And so, having been taught that he should always follow advice given by the moon herself, Jaemin patiently waited. He led the different sports teams to win the state championship. His company launched a new newspaper delivery service. He got good grades, and so his parents were satisfied.

By the end of spring, he was starting to grow desperate. It seemed that he was doomed to remain in Ashton for the rest of his days. Not that he was unhappy. Jaemin had a lot of love to give, and people loved him back (except that one Don Price guy, but Jaemin couldn’t be bothered with him). He knew by heart the large, orderly streets of the town, knew by name its inhabitants, the shopkeepers, had gone to primary, middle and high school with the exact same people. He knew their qualities and flaws, their personalities, and it was suffocating. When he went to bed on that warm June evening, he wished for a miracle that would steal him away from Ashton and send him soaring into the wider world.

On the next morning, Jaemin found the people of Ashton grouped on the main square, their attention turned to the mayor who seemed to try to contain a growing discontent.

“This can’t go on any longer!” shouted a woman in the crowd.

“It’s the 5th sheep this week!” agreed another.

“If no one does shit, then I will,” added a man, brandishing what dangerously looked like a shotgun.

The mayor raised his hands in what he wanted to be a reassuring gesture, before finally speaking into the mic conveniently installed in front of him:

“We will find a solution. We can send someone to try to appeal to the giant, find a compromise. Any volunteers?”

In that instant, Jaemin knew this was the chance the moon had promised almost a year ago. As the villagers looked at each other, none of them brave enough to volunteer, he nonchalantly put his arm up and declared:

“I’ll go!”

And everyone turned in worry of what could happen to the golden son of Ashton.

 

Thought the mayor had talked about a “giant”, Jaemin had no idea what to expect. He climbed the hill that led up to the cave wondering what would be waiting for him. Aged seventeen and a half, almost eighteen, growing up in the middle of nowhere, this was both exciting and terrifying. _Thrilling_. By the time he reached the top, he had imagined and cast aside a thousand scenarios, most of them including him running away from Ashton. Only a handful involved dying at the hands of the giant. Jaemin knew this was not his time, but there was always a risk.

He carefully walked over to the entrance of the cave, framed by dead trees and growing lichens. He took a deep inhale. This was not his time.

“Hello there?”

Jaemin waited a moment, but no answer came from the inside of the cave. He continued:

“I was told to find someone here. Was I mistaken?”

Again, he waited. After a few seconds, he heard some rustling coming from the inside, echoing against the stone. Jaemin held his breath, his limbs almost trembling with anticipation. And when a lanky shadow approached the entrance, Jaemin’s eyes grew even larger with surprise.

From the cave emerged the tallest boy Jaemin had ever seen, easily taller than any of the houses that orderly lined up the streets of Ashton. His hair was long and tangled, full of twigs and dead leaves.

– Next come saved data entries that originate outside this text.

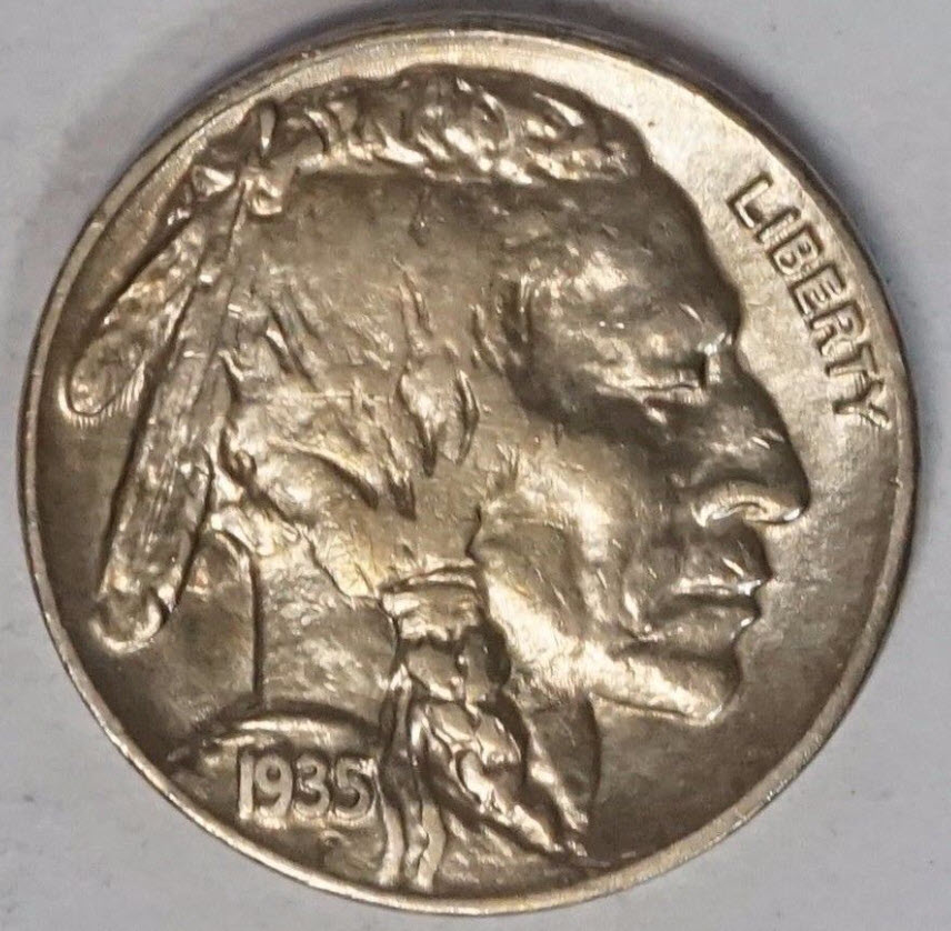What might have caused this perimeter damage to this 1935 Buffalo Nickel? It appears to me to be previous to the strike, but would like your opinons. It appears under LIBERTY and again just below the feather.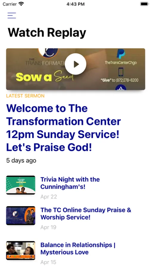 Access to the latest content from The Transformation Center Chicago and our leaders, Apostle Kevin & Pastor Deirdre Cunningham. Stay connected and updated on all things happening here with our online family. Receive instant inspiration and encouragment - anytime, anywhere. Our worship experiences are broadcasted live from Chicago, IL.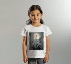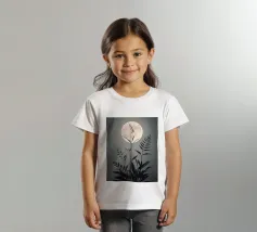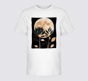 This captivating print features a full moon, bathed in a soft, golden glow, against a deep black backdrop. Two elegant, stylized flowers, one with dark, almost iridescent petals and the other with delicate, golden leaves, stand tall beneath the lunar orb. The interplay of light and dark, combined with the intricate details of the floral elements, creates a truly mesmerizing piece that will add a touch of celestial beauty to any space.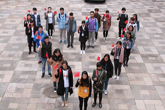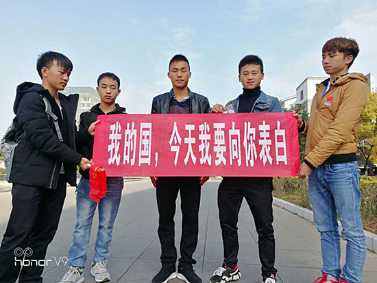 、云南师范大学、云南大学、云南民族大学的各个角落,对各校师生进行了关于爱国的采访。随风舞动的国旗,佩戴整齐的校徽,让他们成为一道亮丽的风景线。采访正式展开之后,各工作人员用热情驱走寒冷,用微笑感染彼此,用诚恳动人的叙述让被采访师生了解“一二九”运动,牢记“一二九”精神,被采访者认真的用笔在表白纸上写下对祖国母亲最诚挚的爱与祝福,写完之后,他们脸上洋溢着作为国人的骄傲与幸福,并积极与工作人员合影留念,在这个特别的日子里,我们一起对祖国表白,为祖国祝福。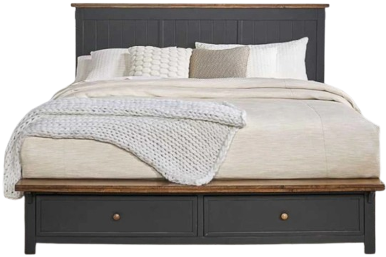 Stormy Ridge invites warm hospitality to the bedroom with its practical farmhouse style and generous footboard storage option. Simple elegance is achieved with classic moldings and coordinated wood hardware. Pronounced distressing in the chicory finish mimics the look of time-worn wood that is contrasted by the soft slate black paint.Read More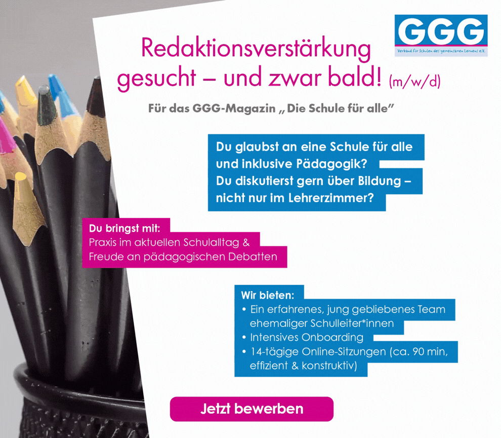 Seit 2020 erscheint das GGG-Magazin „Die Schule für alle“. Dieses Magazin erscheint in der Regel zwei Mal im Jahr und wird allen Mitgliedern im...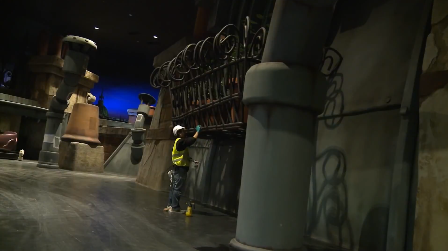 On most of the shots of the video you'll see Imagineers, painters, sculptors... giving the final touch on each set and i did HD screen captures of the most interesting shots for you. Click on each to see them in big size!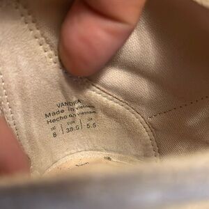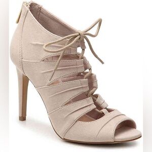 This is a tan colored pair of the women’s Kelly & Katie Vandra heels. An almost open lace-up shoe that gives the appearance of sandals but have the standard 4” heel height and has a zipper in the back for easier accessibility. Great pair of open toe heels for many different occasions!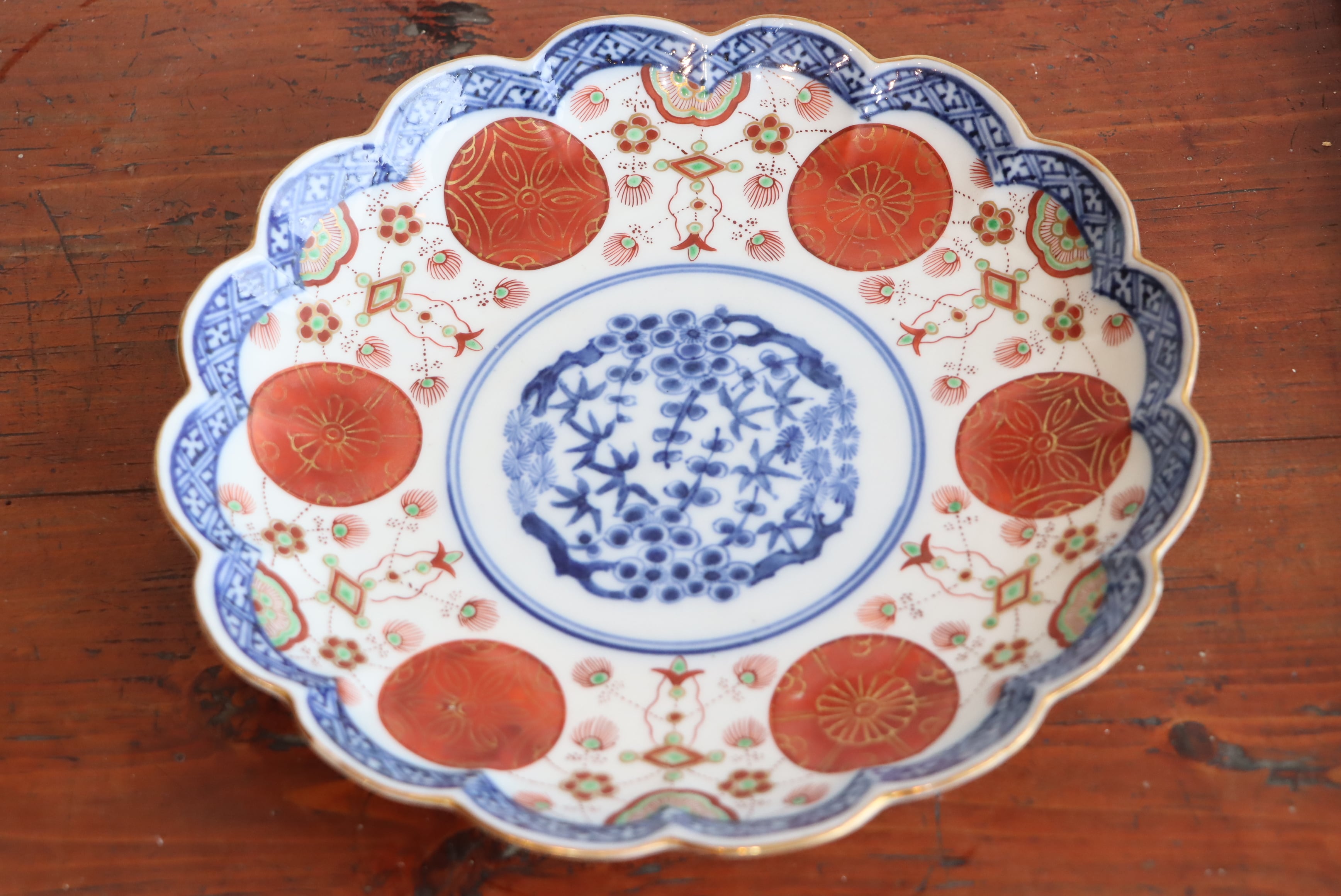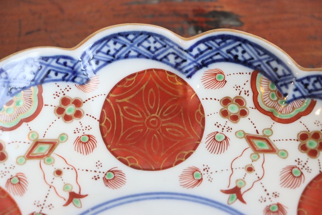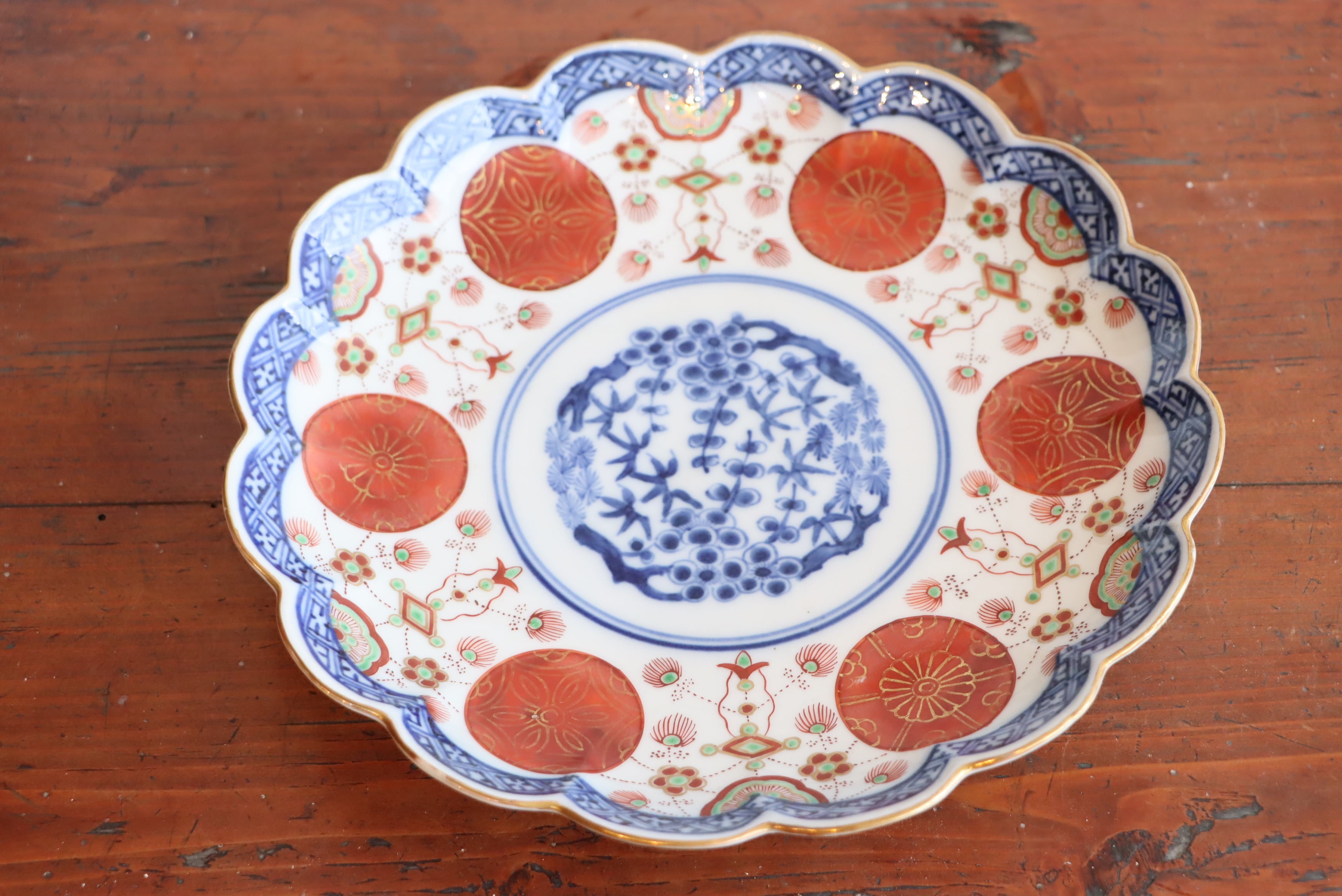 大聖寺伊万里 色絵 赤玉瓔珞文 中皿 七寸 通りもの/Daisyo-ji Imari medium size plate
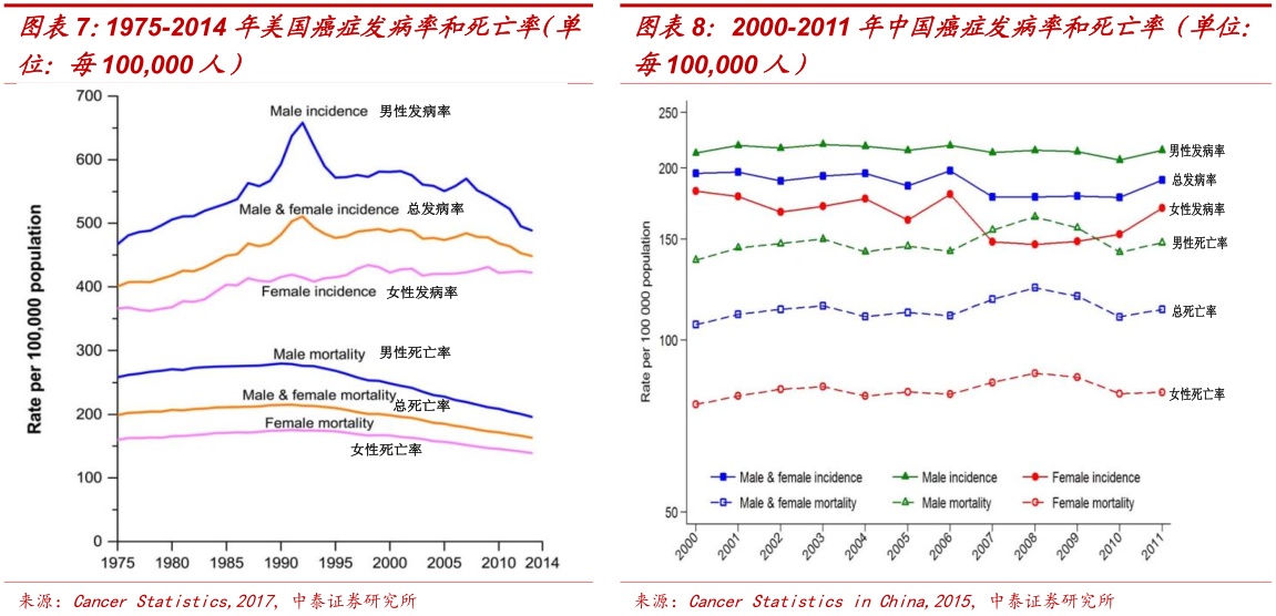 中国肿瘤发病率和死亡率不断上升,肿瘤后期用药市场刚需大。美国每十万人中肿瘤新发病率呈现上升趋势,从1973年的300/10万人上升到2014年的450/10万人左右,平均222人中就有一人新患癌症。近10年随着控制吸烟、推广癌症筛查和应用新型疗法癌症发病率和死亡率逐年下降。2014年癌症总发病人数168.88万人,死亡人数60.09万人。中国的情况则不同,2011年我国新增癌症病例约337万例,比2010年增加28万例;死亡人数约211万。2011年癌症总体发病率约200/10万人左右。预计2015年中国癌症发病人数达到429.2万人、死亡人数281.4万人。由于环境变差、人口老龄化加剧等原因,中国癌症发病率和死亡率在近年来逐步攀升,肿瘤用药特别是中后期用药市场大。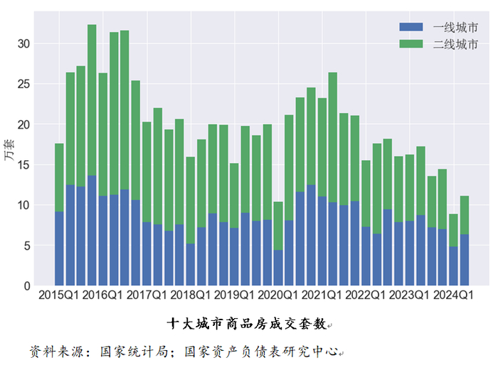 今年5月,中国人民银行、国家金融监督管理总局发布了《关于调整个人住房贷款最低首付款比例政策的通知》,对于贷款购买商品住房的居民家庭,首套房最低首付款比例调整为不低于15%,二套住房最低首付款比例调整为不低于25%,还取消全国层面首套住房和二套住房商业性个人住房贷款利率政策下限。同时,个人住房公积金贷款利率也下调了0.25个百分点。住房贷款政策松绑,住房交易规模回暖。十大城市二季度商品房成交套数有所恢复,一线和二线城市在二季度的商品房成交共11.3万套,相比一季度增加了近3万套的交易量。其中,一线城市成交6.36万套,二线城市成交4.76万套,一线城市的交易恢复速度非常明显。但从整个二季度来看仍然处于历史较低水平。一线城市住宅平均价格略有回升,二三线城市房价基本稳定。积极的政策信号对房地产交易和房地产贷款的拉动作用尚未显现,政策效果有待观察。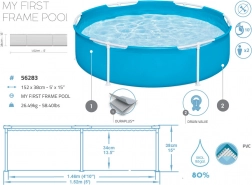 Bazén je vybaven stabilním, kovovým rámem, který zajišťuje adekvátní pevnost a trvanlivost celého konstrukce. Stěny jsou vyrobeny z třívrstvého materiálu – spojení odolného polyesteru a PVC, které chrání před poškozením.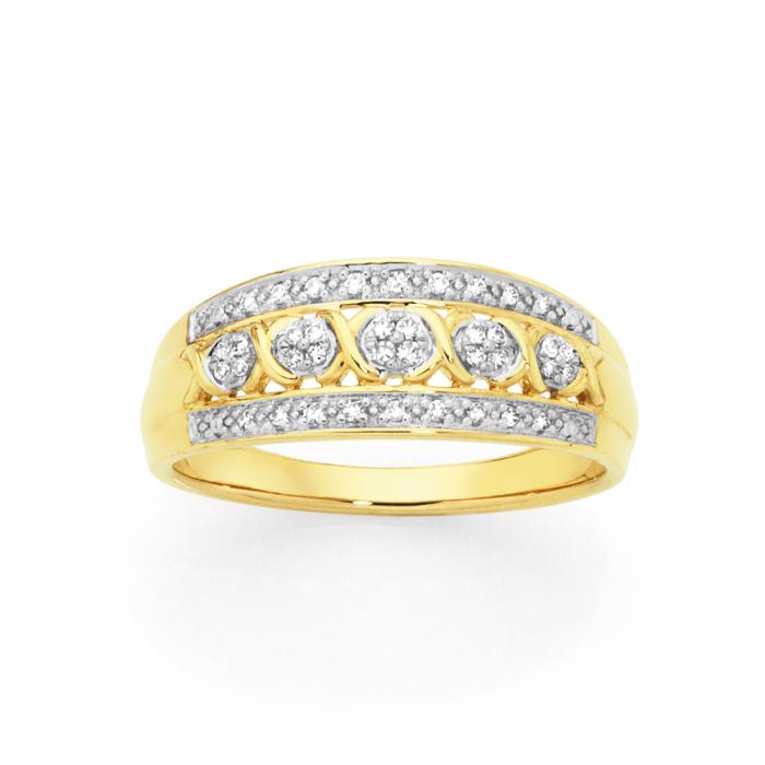 9ct Gold Diamond Round Brilliant Cut 5 Cluster Wide Swirl Band Total Diamond Weight=.10ct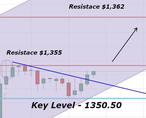 The idea is to stay bullish above $1,351 with a stop above $1,347 and to take profits near $1,357 and $1,364. Good luck!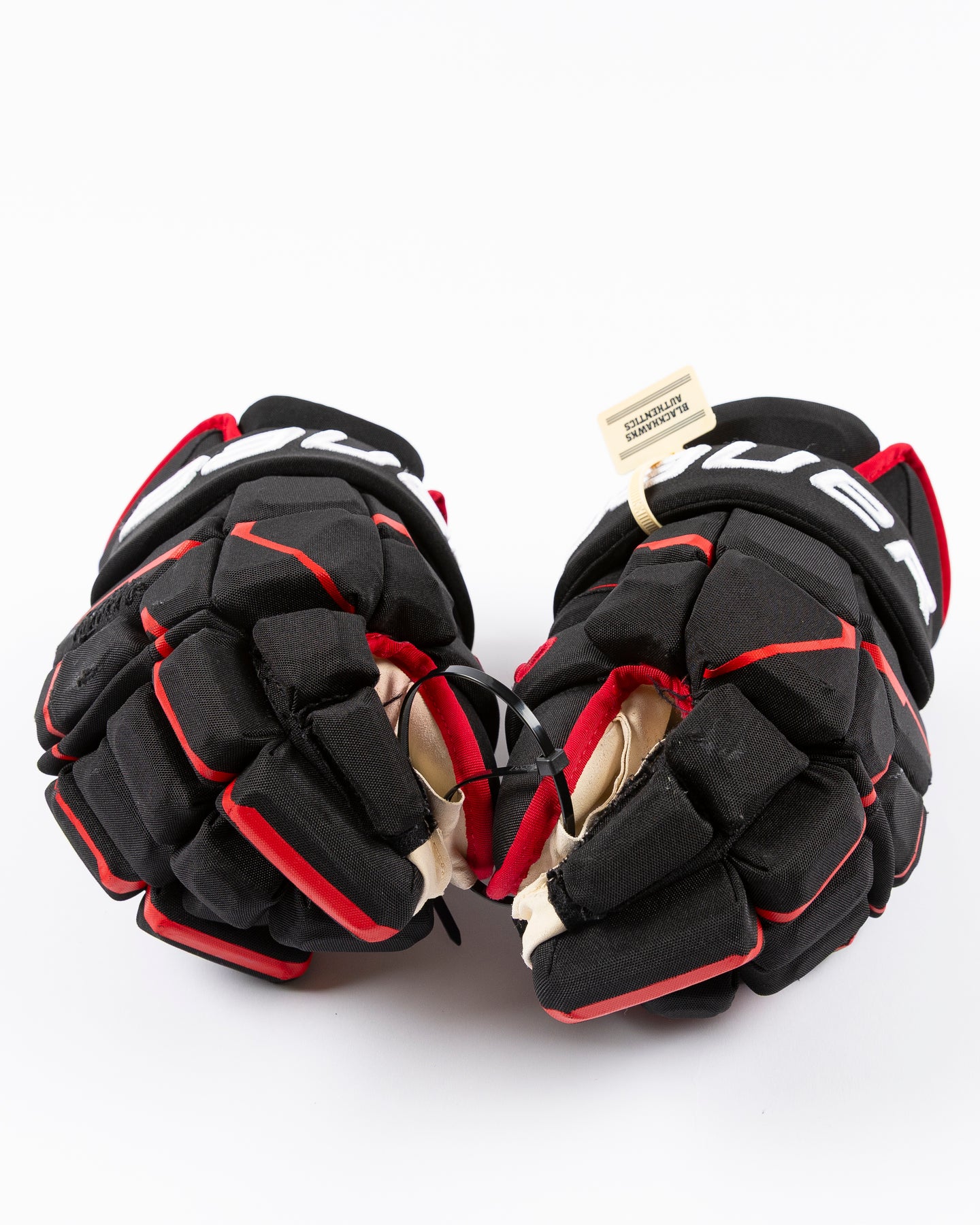 These Bauer gloves were worn by Pat Maroon and have been authenticated with hologram sticker 19861. This item is not autographed.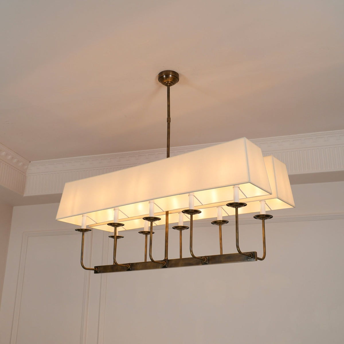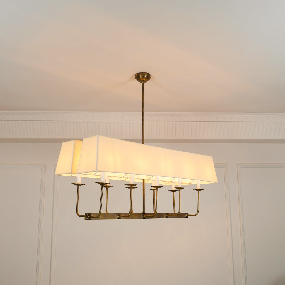 - This chandelier offers the unique option of customizable shades, giving you complete control over the mood and atmosphere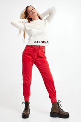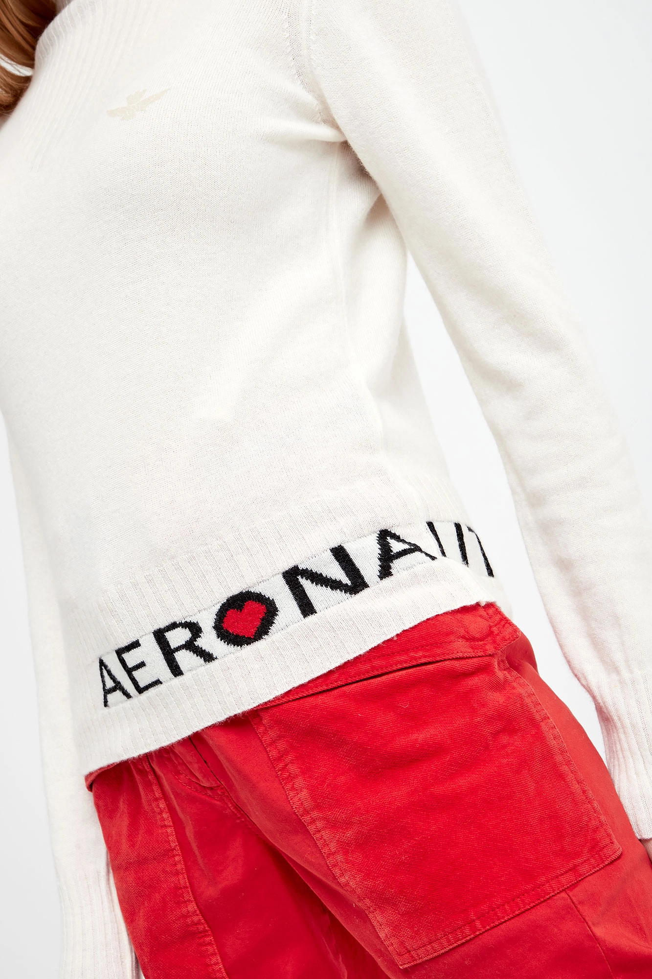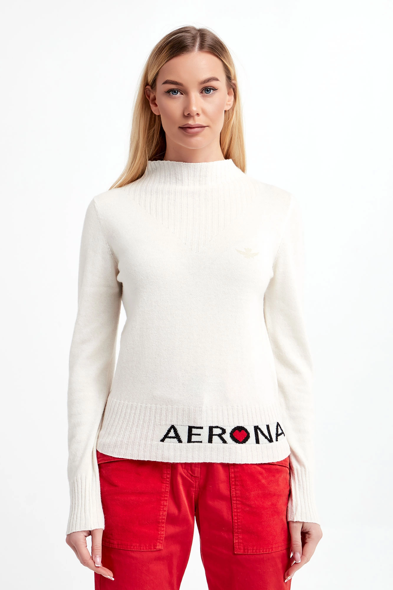 Dzianinowy sweter marki Aeronautica Militare w kolorze ecru. Z przodu nadruk logo marki w białym kolorze. Dekolt typu high neck. Długie rękawy i dół wykończone ściągaczem. Na dole wyszyta nazwa marki przechodząca na tył. Wykonany z miękkiej mieszanki materiałów z dodatkiem wełny i kaszmiru. Fason typu regular.

“What are you doing here?” the giant asked, his voice higher and less assured than Jaemin would have expected.

“I’m a human sacrifice. I was sent by the people of Ashton to be eaten so that you stop stealing sheep and destroying gardens.”

Jaemin read shock on the giant’s face.

“I- I don’t want a human sacrifice. Go away.”

“I can’t,” Jaemin replied. “I can’t go back.”

The giant’s confusion seemed to grow. Jaemin added:

“You see, if I go back like that, everyone will think I’m a coward. You need to kill me or come back with me.”

The giant hesitated. He had never met anyone as confusing as Na Jaemin.

“Come on, eat me. I’m not the meatiest, but there’s some muscle on my legs,” Jaemin tried to joke, pointing to his calves and thighs.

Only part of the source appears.